Sarajevo is very different to the countries Ive been to so far due to its massively Turkish influence. The old town is a maze of cobbled streets lined with souvenir shops with hundreds of minarets overlooking them. Its only when you take a second look that you see that almost every single building is peppered with bullet holes and those that arent are reconstructions funded by other countries to help rebuild the region after the war when Yugoslavia broke up. The place seemed to be full of gap year students going there for the cheap beer but if you look closely enough you can spot areas of real historical importance. For example, the latin bridge is where Franz Ferdinand was assassinated starting the First World War. At the moment there is very little to acknowledge it, due in part to the fact he was Serbian.

The next day I went on a Peace and Tolerance tour of the area, basically a tour so you can get your picture taken at all the important spots from the war.
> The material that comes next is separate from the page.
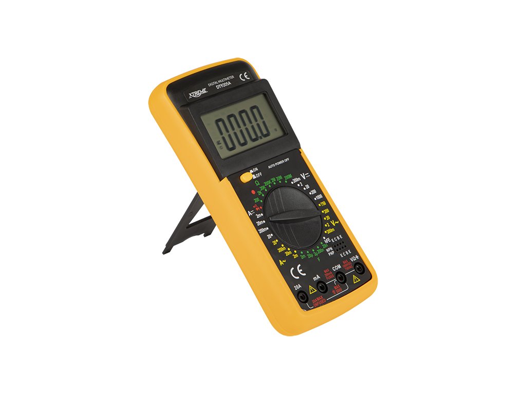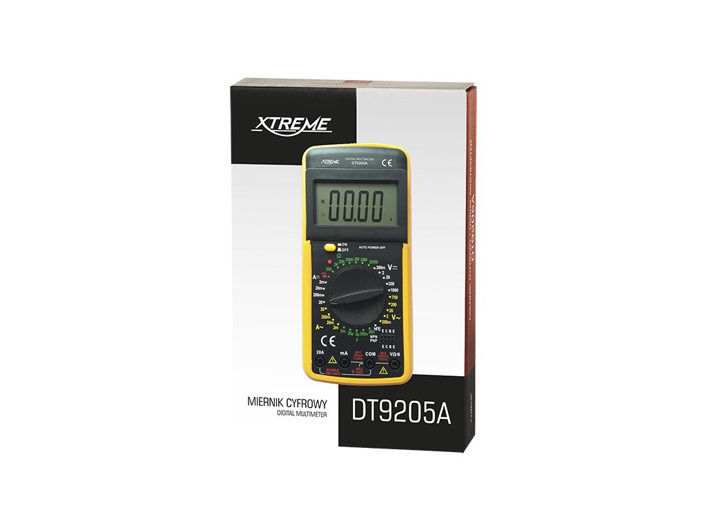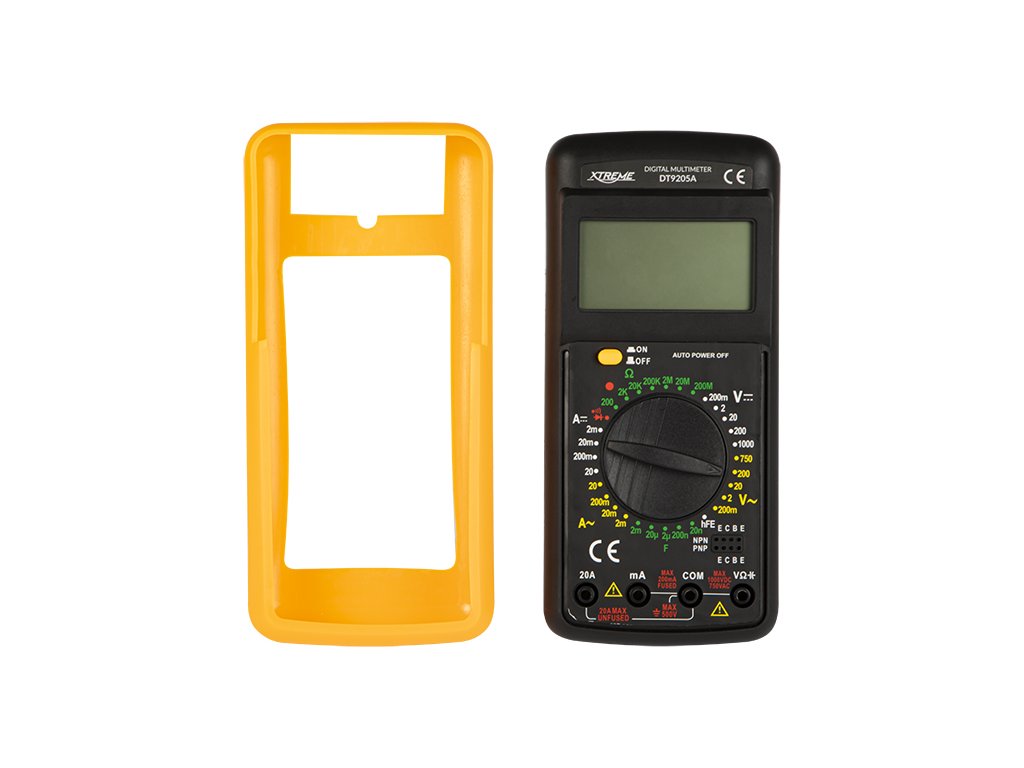 Specifikacija:Jednosmjerna voltaža: 200mV/2V/20V/200V/1000V ±(0.8%+5)Naizmjenična voltaža: 200mV/2V/20V/200V/750V ±(1.0%+5)Jednosmjerna struja: 20µA/200µA/2000µA/20mA/200mA/2A/20A ±(2.0%+2)Naizmjenična struja: 20µA/200µA/2mA/20mA/200mA/2A/20A ±(2,0%+3)Otpor: 200Ω/2kΩ/20kΩ/200kΩ/2MΩ/20MΩ/200MΩ ±(1,0%+4)Kapacitet: 2nF/20nF/200nF/2uF/20uF/200uF +/-(4%+5)hFe testiranje tranzistora: DAAkustični tester provodljivosti: DATestiranje dioda: DALCD prikaz: podesivNapajanje: 9V baterijaFrekvencija uzorkovanja: 2 puta u sekundiMetoda mjerenja: dvostruki integrirani A/D konverter Indikacija preopterećenja: na zaslonu samo brojka "1"Radna temperatura: 0-40 stupnjeva CelzijusaTemperatura skladištenja: -10-50 stupnjeva CelzijusaIndikacija niske baterije: ikona baterije na zaslonuDimenzije proizvoda: 190x90x33 mmTežina proizvoda: 227 gIsporuka uključuje: mjerač, baterije, potrebni kablovi Glavne funkcije:Podesiv LCD zaslonRotacioni prekidač za odabir specifične funkcije, raspona i uključivanje/isključivanje mjeračaMjerni kablovi su uključeniNapajanje 9V DC baterijomIndikacija prazne baterijeIndikacija preopterećenjaOpna od gume koja se može ukloniti Metar XTREME je univerzalan alat namijenjen za radionice ili škole, ali je također izvrsno prikladan za kućne i profesionalne zadatke. Opremljen je vrlo preglednim LCD zaslonom s podesivim i kosim prikazom, zaštitnim i uklonjivim gumiranim poklopcem, a na stražnjoj strani je ugrađen oslonac koji olakšava čitanje rezultata tijekom mjerenja. Također uključuje potrebne kablove.Dodatni parametri

We started off at the Tunnel Museum which between 1992 and 1995 was the only way in and out of the city. The whole building is just about standing after the onslaught it suffered and only 800m away you can see the promised land of the airport which so many Bosnians were killed when trying to reach. The second stop was the derelict 1984 Olympic bobsleigh track which was used as a bunker by the Serbians to fire their anti-aircraft missiles as the city below. On the way here you get to drive through the hills around Sarajevo with the road the only real safe place around. The trees are all cordoned off as they are riddled with landmines some 14 years later and you see the occasional convoy who are doing their best to find and deactivate them. Our final stop was a Second World War monument which the Serbian snipers used to shoot at the Bosnians below and a small stone structure which they used as a makeshift prison for the Bosnian soldiers they caught. The whole place has a strange air to it as you think about similar monuments in the UK which are well cared for with wreaths and the like while this one is semi-destroyed and covered in graffiti due to the new sentiments the place holds.